WHAT YOU WILL DO >>
Without including any images, output the listing below exactly.

INFORMATION PROVIDED >>
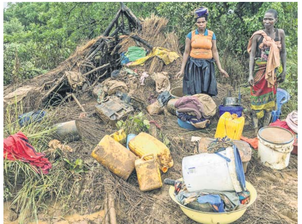
Varias personas amontonan sus pertenencias en una zona inundada en Mozambique.
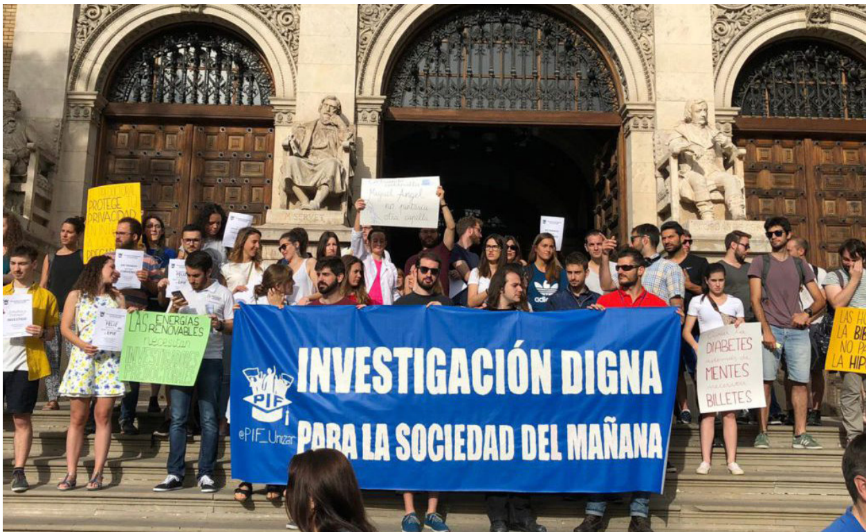
Personal Investigador en Formació PIF al Justicia de Aragón..

El professorat universitari a les universitats espanyoles es troba immers dins de diferents polítiques que condicionen el seu desenvolupament. D'una banda existeixen els condicionants pel que respecta a la seua existència com a tal, que depèn de la política de personal de cada centre, una acció poc homogènia així com en el últims anys e la taxa de reposició imposada pel Govern d'Espanya. Amb la jubilació del professorat, un sistema universitari saludable necessita una reposició, com a mínim, dels efectius amb que compta si no vol retrocedir en les quantitat i qualitat de les tasques que aquest desenvolupa. No menys important és la precarietat del personal investigador en formació (PIF) que desenvolupa una tasca fonamental al nostre sistema amb condicions laborals deficientes.
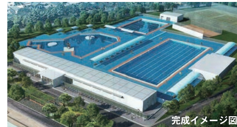
図は中台運動公園水泳プールの完成予想図です。めめっとしていた更衣室は新設され、新しいプールは深さを任意に変えることができる「可動床」が取り入れられるなどプールが刷新されます。

TASK OUTPUT >>
Varias personas amontonan sus pertenencias en una zona inundada en Mozambique.
Personal Investigador en Formació PIF al Justicia de Aragón..

El professorat universitari a les universitats espanyoles es troba immers dins de diferents polítiques que condicionen el seu desenvolupament. D'una banda existeixen els condicionants pel que respecta a la seua existència com a tal, que depèn de la política de personal de cada centre, una acció poc homogènia així com en el últims anys e la taxa de reposició imposada pel Govern d'Espanya. Amb la jubilació del professorat, un sistema universitari saludable necessita una reposició, com a mínim, dels efectius amb que compta si no vol retrocedir en les quantitat i qualitat de les tasques que aquest desenvolupa. No menys important és la precarietat del personal investigador en formació (PIF) que desenvolupa una tasca fonamental al nostre sistema amb condicions laborals deficientes.
図は中台運動公園水泳プールの完成予想図です。めめっとしていた更衣室は新設され、新しいプールは深さを任意に変えることができる「可動床」が取り入れられるなどプールが刷新されます。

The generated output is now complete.